Causality refers to the study of causal Bayesian networks (causal models.) Causal models are Bayesian networks in which all directed edges between variables denote a causal - not just correlational - relationship between the variables. Causal models are useful in situations where actions (interventions) that affect model variables need to be taken into account.

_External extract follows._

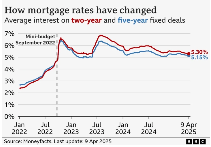另外,据Moneyfacts的最新数据,截至4月9日,两年期固定抵押贷款的平均利率已小幅下降至5.3%,五年期固定抵押贷款的平均利率也小幅下降至5.15%。

A **Bayesian network** is a graph in which each node represents a random variable and directed edges (arrows) connect nodes together. When viewing such a network it is tempting to think of the arrows between nodes as expressing the causal influence of one variable on another variable. For example, the Bayesian network

:$C \rightarrow T\,\!$

can represent the relationship between cavities $(C)\,\!$ and toothaches $(T)\,\!$. The network seems to imply that cavities cause toothaches, which is consistent with intuition. However, Bayesian networks do not *necessarily* show the causal influences between variables. For example, the Bayesian network

:$C \leftarrow T\,\!$

is just as valid as the previous network. But in this case the network would seem to imply that toothaches cause cavities, which is counter to intuition (and reality).

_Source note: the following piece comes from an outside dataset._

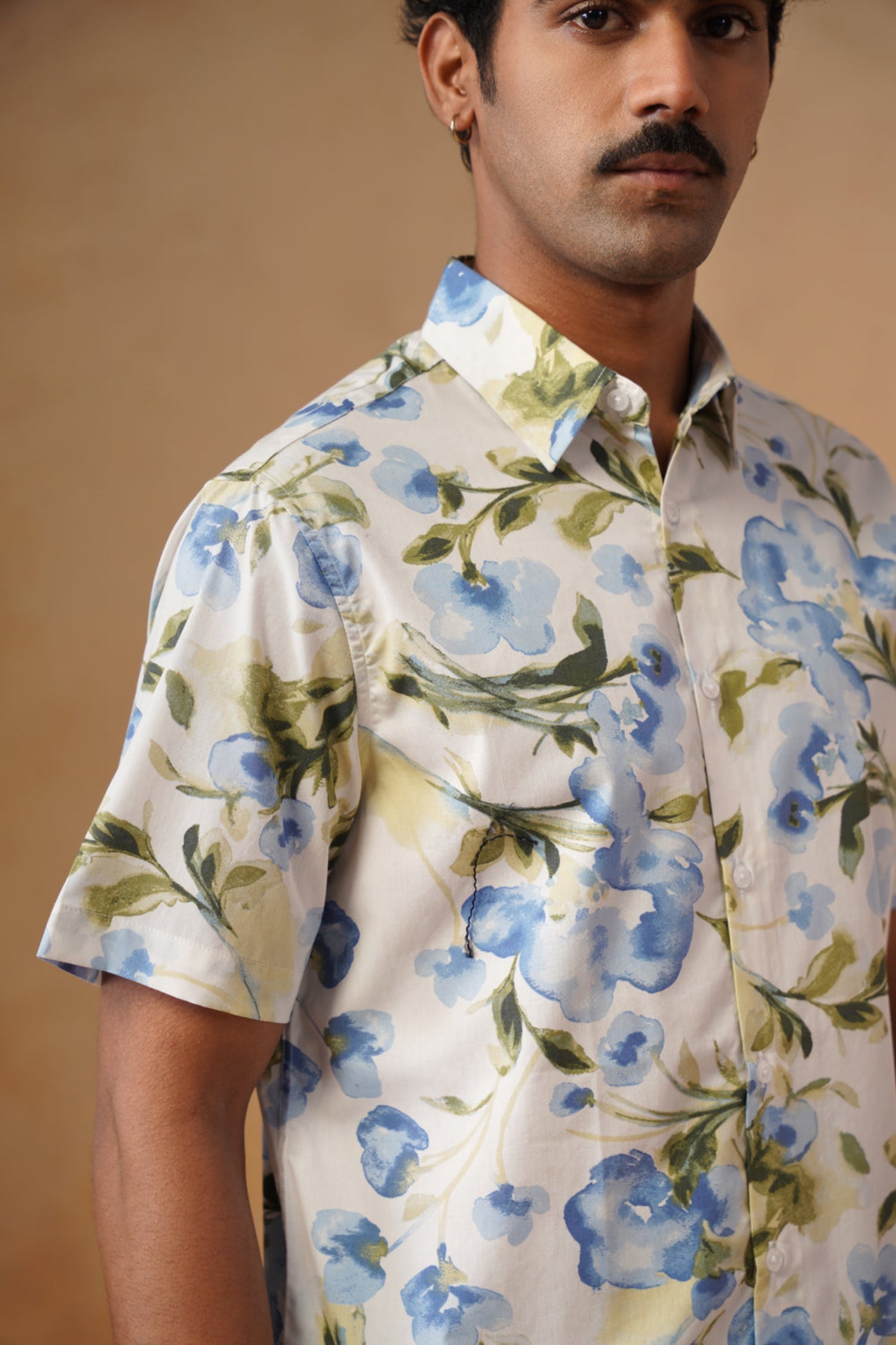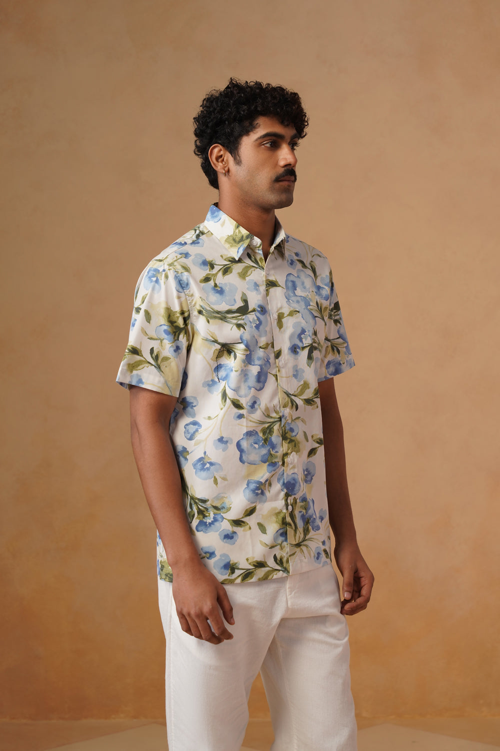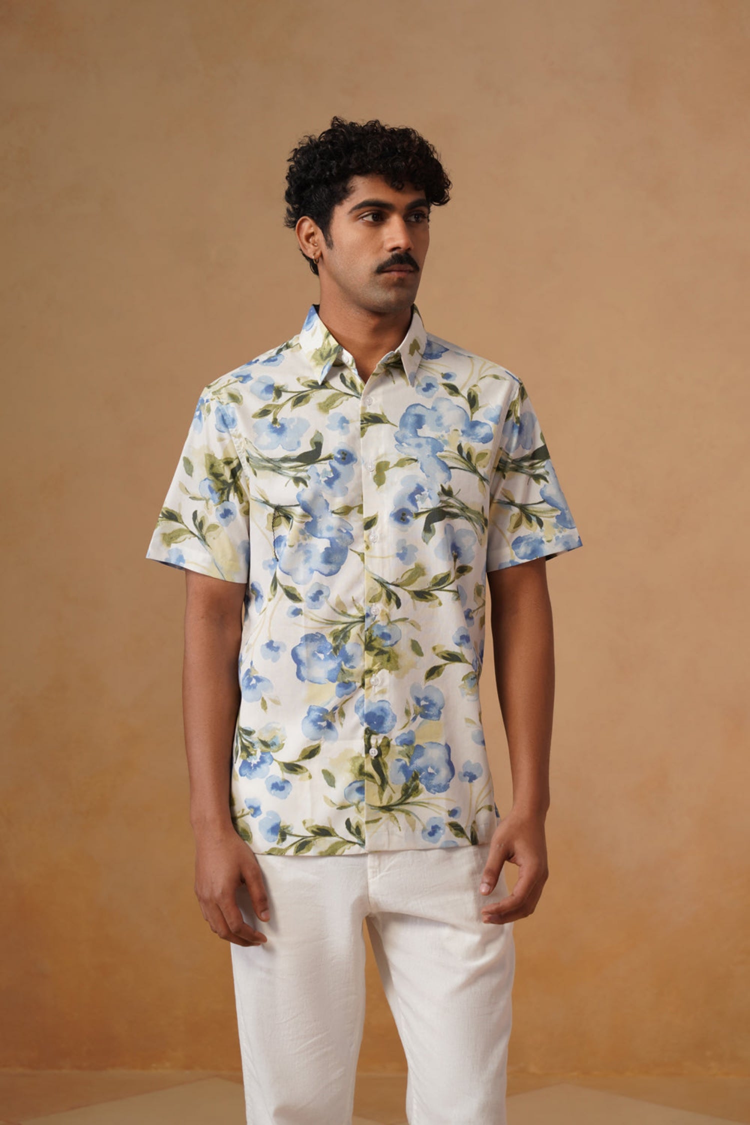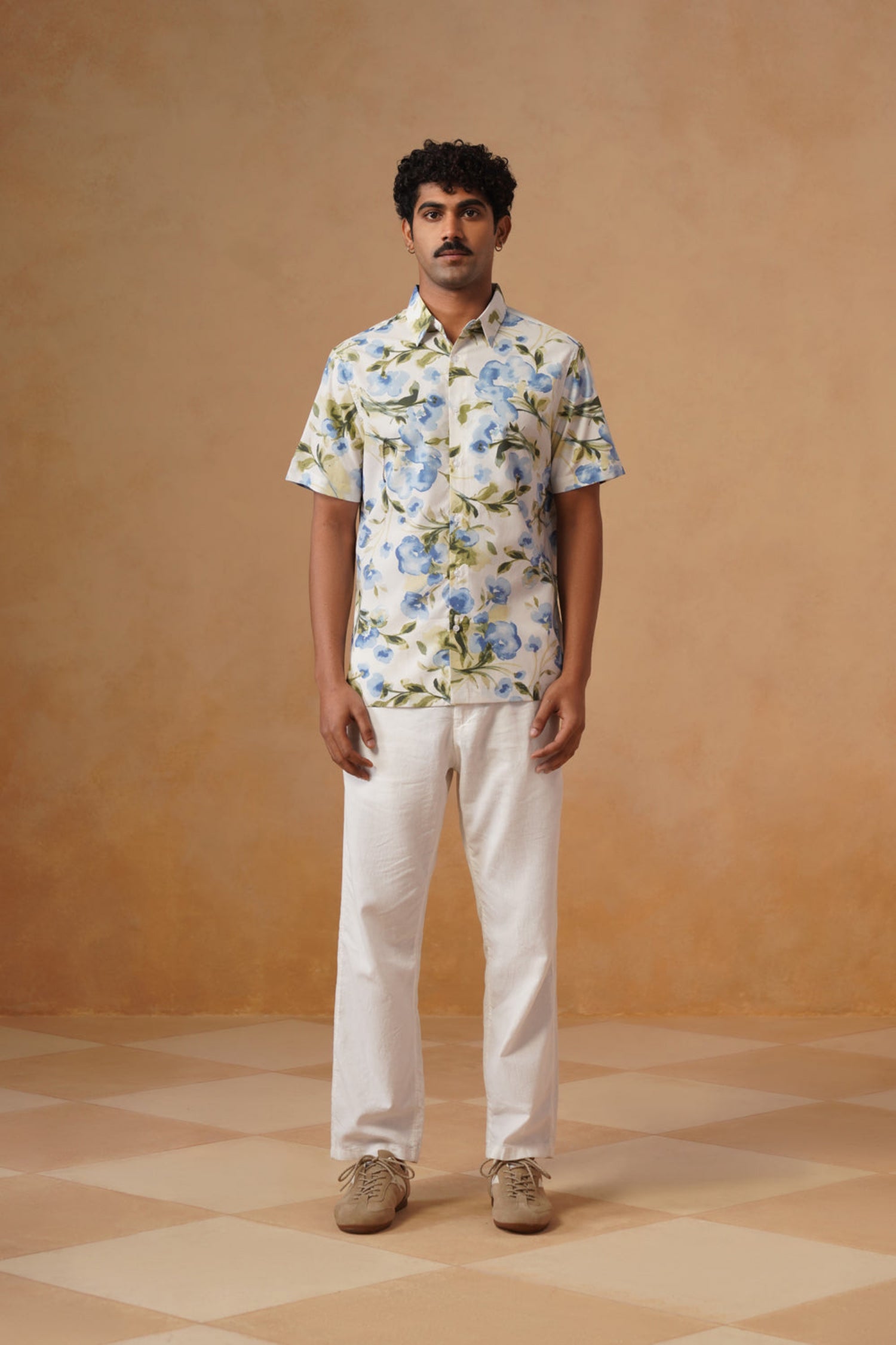 Blue Printed Organic Cotton Blend Shirt – Regular Fit, Half Sleeves

Instead of encoding causal relationships, Bayesian networks encode conditional independence relationships between variables. The first network asserts that $T\,\!$ is conditionally independent of all other variables given $C\,\!$. The second network asserts that $C\,\!$ is conditionally independent of all other variables given $T\,\!$. Both Bayesian networks are valid because both conditional independence assertions are valid.

**Causal models** are Bayesian networks where the directed arrows between nodes *do* represent causal connections between the variables. In a causal model, the parents of a node are the direct causes of the node.

The networks $C \rightarrow T\,\!$ and $C \leftarrow T\,\!$ are both valid Bayesian networks and both can be used to answer traditional probabilistic, or **observational queries** such as $P(C|T)\,\!$, or “what is the probability of a cavity given that we observe the presence of a toothache?” But in some situations it is useful to be able to answer **interventional queries** such as $P(C|do(t))\,\!$, or “what is the probability of a person having a cavity given that we punch the person in the teeth, causing the person to have a toothache?” The notation $do(t)\,\!$ means that the variable $T\,\!$ is manipulated such that it takes on the value $t\,\!$. Causal models allow us to answer such questions whereas Bayesian networks do not.

One reason this is true can be seen by trying to answer the query $P(C|do(t))\,\!$ using the above networks. Let's first assume that cavities cause toothaches and therefore the first network represents the causal relationship between $C\,\!$ and $T\,\!$. In this case intuition asserts correctly that $P(C|do(t))=P(C)\,\!$; if we punch a person in the teeth they will have a toothache whether they have a cavity or not and therefore the toothache gives us no information about the presence of a cavity. Now let's assume that toothaches cause cavities and therefore the second network represents the causal relationship between $C\,\!$ and $T\,\!$. In this case $P(C|do(t))=P(C|t)\,\!$; because toothaches cause cavities, giving someone a toothache will influence the chance that they develop a cavity. From this we see that the answer to an interventional query is dependent on the network. If the network is a causal model we get the correct answer (*e.g.*, $P(C|do(t))=P(C)\,\!$ in this case) and if the model is an arbitrary Bayesian network we (likely) get an incorrect answer (*e.g.*, $P(C|do(t))=P(C|t)\,\!$).

In some situations it is possible to reduce an interventional query to an observational query. We have done that in an ad hoc manner above when we stated that $P(C|do(t))=P(C)\,\!$ in the first network. Koller gives three simplification rules (pgs. 1018-19) that define when these simplifications can be performed. There are situations, however, when an interventional query *cannot* be simplified.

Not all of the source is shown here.